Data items
*** Block opens ***
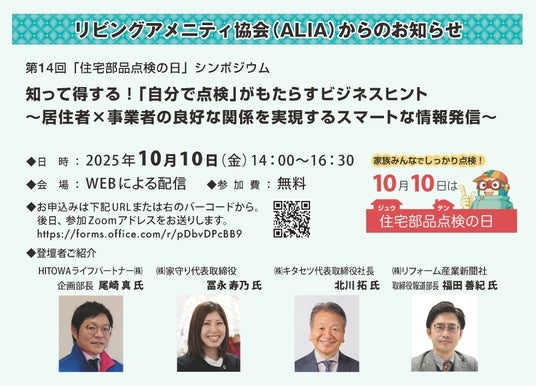 住宅設備・建材メーカーで主に組織される一般社団法人リビングアメニティ協会ALIA(本部:千代田区、会長:内藤弘康)は、住宅設備・建材の点検・お手入れの文化を広めるため、2025年10月10日(金)に「第14回住宅部品点検の日シンポジウム」をZoomウェビナーにて開催します。
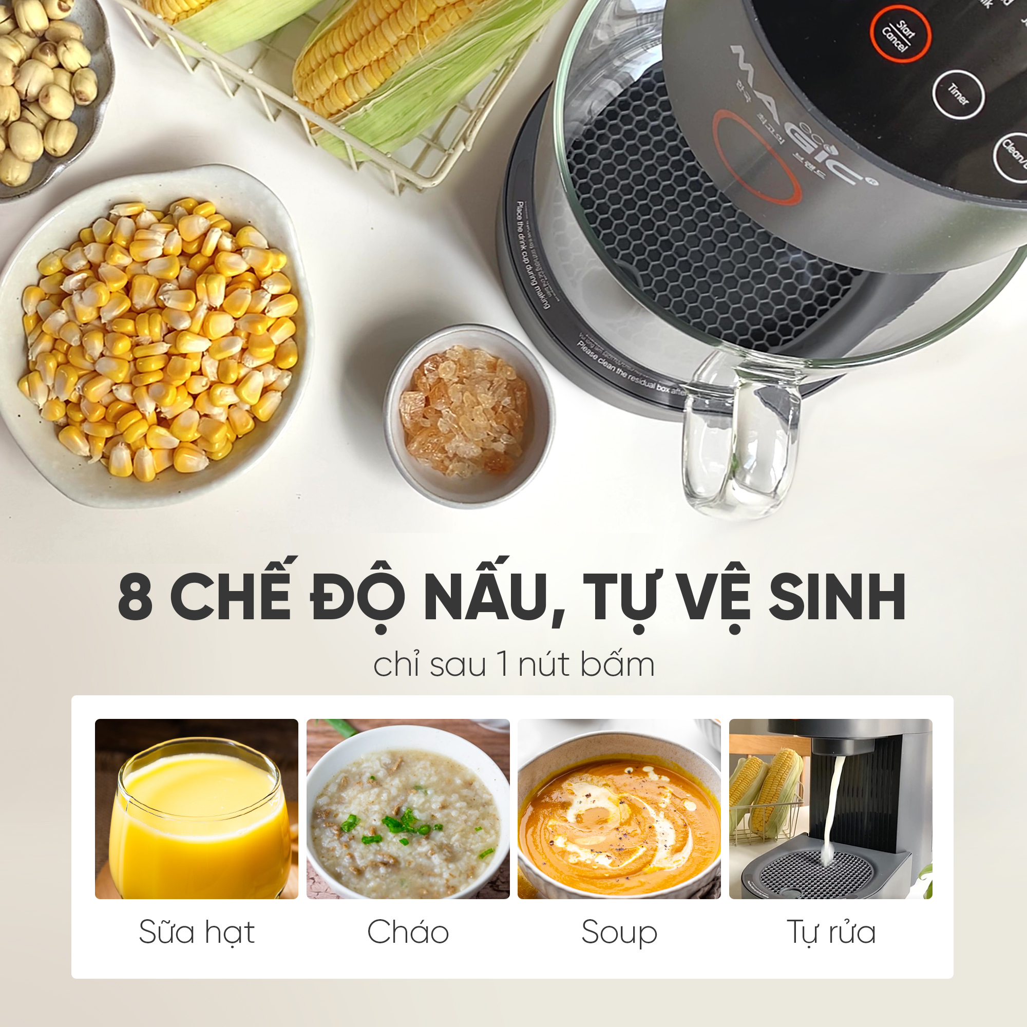 Máy làm sữa hạt đa năng tự động rửa Magic Eco AC-140
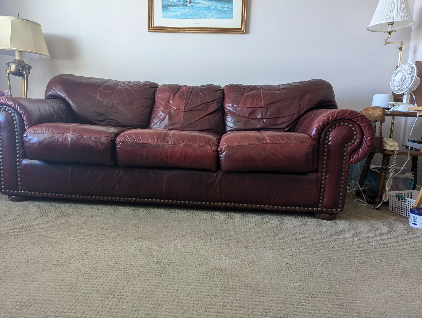 10Looking to sell this comfy burgundy leather sofa. It's a great piece and has a classic look with the studded trim. It shows some signs of wear, but it's still in good condition and ready for a new home. ACCEPTING CASH ONLY $50
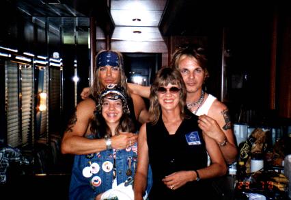 | Then one of the guys with the band told my mom to get in a picture too and if you know my mom you know that she would never, ever in her life, miss a chance like this!!! I think she was as happy as I was!!! But I got to admit, she was the original Poison fan and she would play their CD's all of the time. That's how I learned about Something To Believe In. Now I know every word to every Poison song!!! |
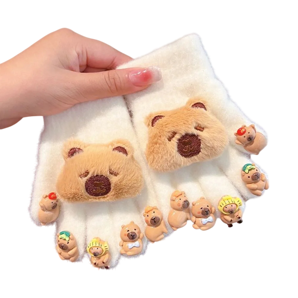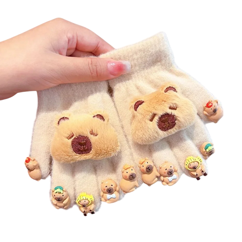 Guantes suaves para niños con motivo en relieve de capibara que calientan las manos, ofrecen comodidad y un aspecto juguetón durante las actividades invernales. Descripción completa
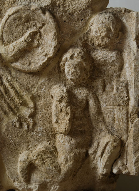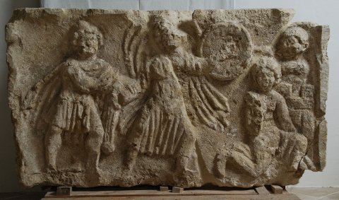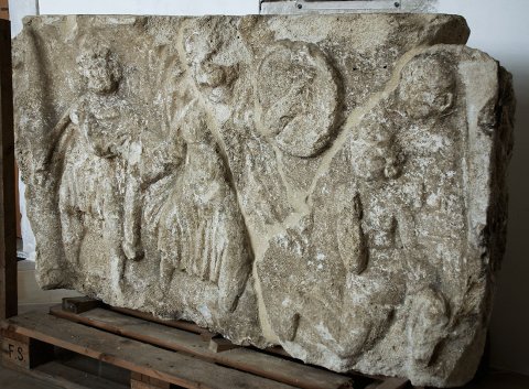 - aus mehreren Fragmenten zusammengesetzt, stark bestoßen, Unterkante verbr.
*** Block closes ***
EXERCISE AIM
Reproduce the final stretch of lines exactly: the line containing "10Looking to sell" through the last line of the data, both included. Pictures do not belong in the copy.

EXERCISE RESPONSE
 10Looking to sell this comfy burgundy leather sofa. It's a great piece and has a classic look with the studded trim. It shows some signs of wear, but it's still in good condition and ready for a new home. ACCEPTING CASH ONLY $50
 | Then one of the guys with the band told my mom to get in a picture too and if you know my mom you know that she would never, ever in her life, miss a chance like this!!! I think she was as happy as I was!!! But I got to admit, she was the original Poison fan and she would play their CD's all of the time. That's how I learned about Something To Believe In. Now I know every word to every Poison song!!! |
 Guantes suaves para niños con motivo en relieve de capibara que calientan las manos, ofrecen comodidad y un aspecto juguetón durante las actividades invernales. Descripción completa
 - aus mehreren Fragmenten zusammengesetzt, stark bestoßen, Unterkante verbr.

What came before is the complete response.